Virus takes a bite

Aug 202003
Authors: Jason Kosena

Larimer County Department of Public Health and Environment officials declared a state of public health emergency for Fort Collins and surrounding areas in response to the rapidly growing West Nile Virus epidemic at a press conference held on Tuesday.

“We have a higher rate than anyone expected,” said Dr. Adrienne LeBailly, the Health Department Director for Larimer County.

The reason for declaring a state of emergency, according to LeBailly, is because the total number of West Nile cases in Larimer County have been doubling every week and the region is experiencing higher numbers of cases than Cook County, Ill., had at this time last year. Cook County reported the highest levels of West Nile cases than any other county in 2002.

In response to the state of emergency, the city of Fort Collins has implemented an adulticiding campaign in an attempt to curb the mosquito population in the city, according to Kelly DiMartino, the communication and public involvement coordinator for the city of Fort Collins.

“The city put together an integrating test management program. There are seven levels of activity that can occur (within the management program),” DiMartino said. “The top level, level seven, is a level where there is multiple human cases (of infection) and high numbers of Culex mosquito populations.”

The Culex mosquito count is important, according to DiMartino, because Culex mosquito’s are the type of mosquito that can potentially carry the virus.

“Not all mosquito’s carry or can potentially carry West Nile Virus,” DiMartino said.

The city started the adulticiding campaign on Wednesday, beginning with two trucks that sprayed different parts of the city from 8 p.m. to midnight, according to a press release from Fort Collins.

The end result of the spraying is not currently known, according to Tom Vosburg, the assistant city manager of Fort Collins.

“The effectiveness of mosquito spraying to control epidemics has been questioned in the past,” Vosburg said, “there is still a whole lot of data (that is not being analyzed)”.

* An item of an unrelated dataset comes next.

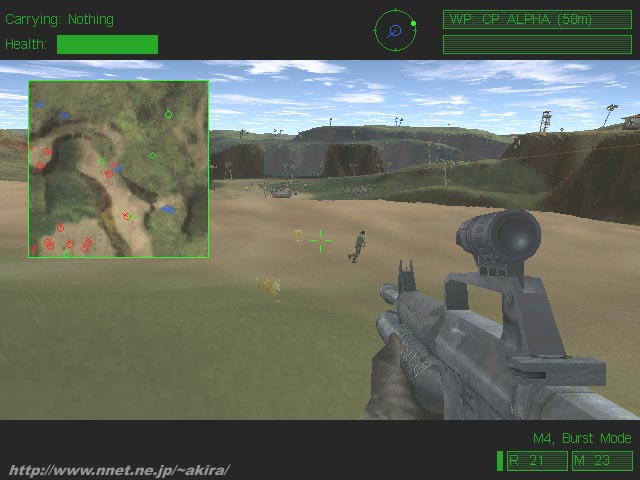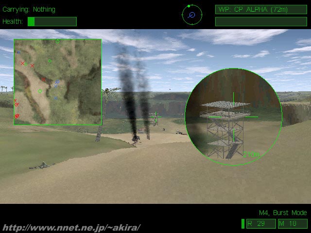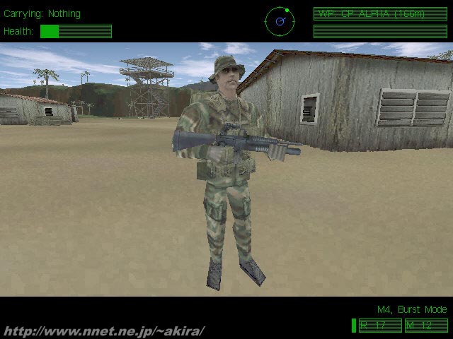 Novalogicによる3D特殊部隊アクションゲーム。DirectX対応。 SpecOps、RainbowSixと続いてNovaloicからも陸軍特殊部隊を題材としたゲームがリリースされた。 このゲームの名前はDelta Forceという実在の軍特殊部隊をテーマにしていることから来ており、実在の部隊をテーマとするだけあって、ミッション内容も現実に即したものとなっている。 グラフィックスエンジンはVoxel Spaceの改良型(更に細かいセル&64000色対応)を使用しており、今までにない細かい地形描写を行っている。 普通のゲームでは地形をポリゴンで表現しているが、このゲームはVoxel Spaceを使用することにより、テクスチャーだけでは表現できない地面の凹凸までリアルに再現できるのが特徴だ。 しかしDirect3D等のAPIを使用していないためハードウエアによる描画支援が受けられず、全てCPUパワーに頼った描画になるのが欠点で、実際200MMXで640*480*64000colorだとかなり重く感じられた。 さて肝心のゲーム内容だが、DEMOではチームの一員として南米のある麻薬密輸キャンプを強襲するミッションを遊ぶことが出来る。 DEMOではColt.45、M4、M203を装備しているが、同類のゲームに無い特徴としてナイフの実装が挙げられる。 実際に使う機会が有るかどうか疑問だが、それが生かされるミッションが有るのだろうか。 また伏せ、膝立ての他、ジャンプも出来るのが珍しいポイントだろう(何に使うんだ?)。 このゲームはSpecOps、RainbowSixとは異なりアクションゲームに位置づけられているのだが確かに作戦を立ててとか、隠密行動が、と考える必要は一切無い。 ひたすらコンパス(&レーダー)を見ながら、麻薬密輸キャンプに向かって突進するのみである(一応WayPointは有るが)。 このゲームの場合デフォルトの画面ではQuake系アクションゲームの様に、使用するウェポンのみが画面に表示されており(消すことも可能)、視点切り替えによって一人称視点から三人称視点に切り替えることが出来る。 他にもレーダーや後方視野を表示させることも出来るのだが、如何せん640*480を選択してもゲーム画面が狭いため非常に視界が悪い。 しかもスコープモードでは事も有ろうに全画面拡大ではなく、右に拡大した画像が小さく出るだけのため、マップやこのスコープ画像を表示すると視界が悪いことこの上ない(静止状態以外ではスコープが使えないのはリアル)。 また弾道が線で表示されるのだが、これがかなりゲームの品位を下げているように感じられる。 さらに遠くをちまちま動いている敵兵たちが、まるで一昔前のVGA画面のようで実に安っぽい感じだ。 音響効果もいまいちで、一体どこから撃たれているのかさっぱり解らない。 かなり遠い所からバシバシ撃たれていることもあり、リアルさの欠片も無いのではと思ってしまう。 距離に関係なく撃てるのは敵も自分も同じだと言う感じで、視界に入ればとにかく弾が届くなんて流石はアクションゲームである。 ゲームとしての完成度はともかく、とにかく遊んでいてストレスが貯まり、DEMOを遊んだだけでそのリアルさに魅了されたSpecOpsやRainbowSixの足下にも及ばないと言った感じだ。 爽快感が全くないことから、アクションゲームとしても失格だと言える。 とどめに操作性もかなり悪く、このゲームの評価を下げる原因となっている。 まさにクソゲーの称号を遠慮なく与えることの出来るゲームだと言えるだろう。 |

However, according to Vosburg, the city is running out of options attempting to control the West Nile Virus epidemic and spraying is a last option.

Vosburg said, “There aren’t any tools left in the tool box. If spraying might work and save one human life you have to ask, ‘is it worth it?'”

Fort Collins City Council member for District 6 David Roy also believes that public health is the most important issue but feels differently about the city’s decision to spray.

“We need to be aware of the health and safety of the people of Fort Collins,” Roy said.

However, Roy is not sure if spraying is the answer to the epidemic hitting Fort Collins.

“I believe that spraying is going to satisfy the human capacity for a feeling of control,” Roy said.

According to Roy, the adulticide, or mosquito spray, is a non-discriminatory poison that kills all insects in its path.

“(The spray) is certainly extremely toxic to fish and bees and other insects,” Roy said. “It hasn’t been studied since 1984, so there just isn’t much known about it.”

Colorado Mosquito Control Inc. and Soper Pest Control are the two companies that have been contracted out by the city to administer the spray.

Mike Doyle, the northern Colorado program manager for Colorado Mosquito Control Inc., says the company has been operating in the region for many years.

“We have been running a program in Loveland for 15 years, and have been asked to help out with the problem in Fort Collins this summer,” Doyle said.

Doyle believes that spraying is affective in the fight against the mosquito problem, and can be seen in the number of mosquito’s they kill every day and throughout the season.

“It definitely makes a difference in the short-term. In Loveland we kill 700,000 mosquitoes in the water every day,” said Doyle adding, “so far this year we have killed 1.2 billion mosquitoes.”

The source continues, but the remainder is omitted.